Two disorders should be considered in the differential diagnosis of SWS 13:
Klippel-Trenaunay-Weber Syndrome: a sporadic association between capillary haemangiomas of the extremities and face, congenital venous abnormalities
10, hemihypertrophy of soft and bony tissues, in addition to all the characteristics of SWS.
Beckwith-Wiedemann Syndrome: capillary haemangioma of the face, macroglossia, omphalocele and visceral hyperplasia, with possible life-threatening hypoglycemia due to pancreatic islet-cell hyperplasia.
The focus of management in SWS is the treatment of associated neurological and ocular abnormalities12. MRI has been reported to be superior to CT scan for detecting intracranial malformations.
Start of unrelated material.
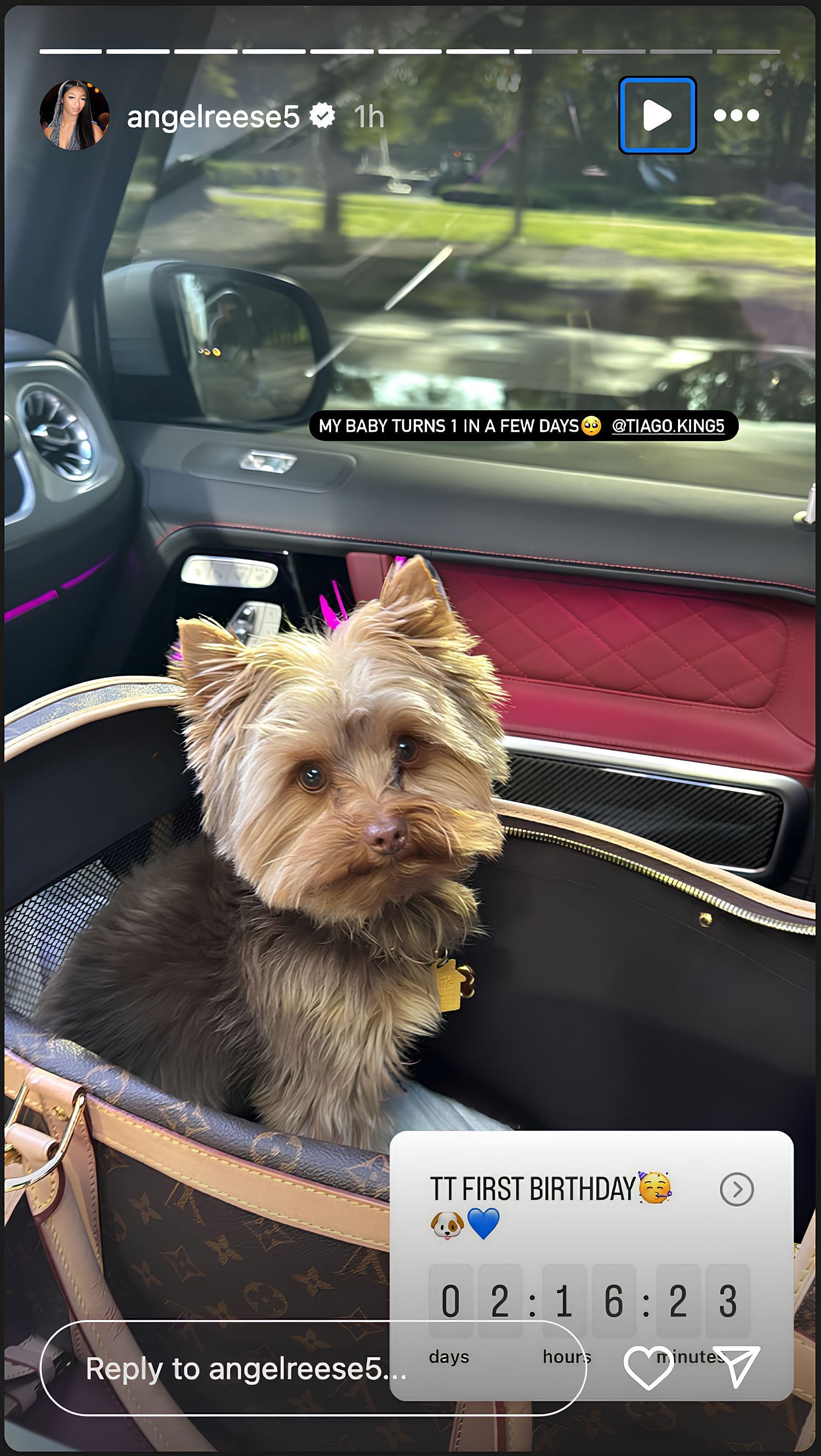 Among the other recent posts on Angel Reese's Instagram story was a big announcement regarding her dog. Later this week, Tiago will be celebrating his first birthday.

A- and B-scan ultrasonography and fuorescein angiography are usefull investigations to diagnose a choroidal hemangioma 14.
While antiepileptic treatment and the medical and surgical management of glaucoma form the mainstay of treatment, consideration should also be given to the cosmetic appearance of the disfiguring lesions. Pulsed dye lasers have become the treatment of choice in this regard, resulting in minimal scarring and preventing the natural progression to the nodular texture of lesions found in adults 18,19.
In patients affected by SWS some abnormalities, probably vascular related, might increase the risk of hypothalamic–pituitary dysfunction and growth hormone deficiency causing short stature20. Multiple other body organs are rarely affected in SWS.
To the best of our knowledge, this is the first report on this type of association, suggesting “Type I “plus”.
We wish to thank to Dr K. Thomas for referral this patient to our Unit for diagnosis and treatment.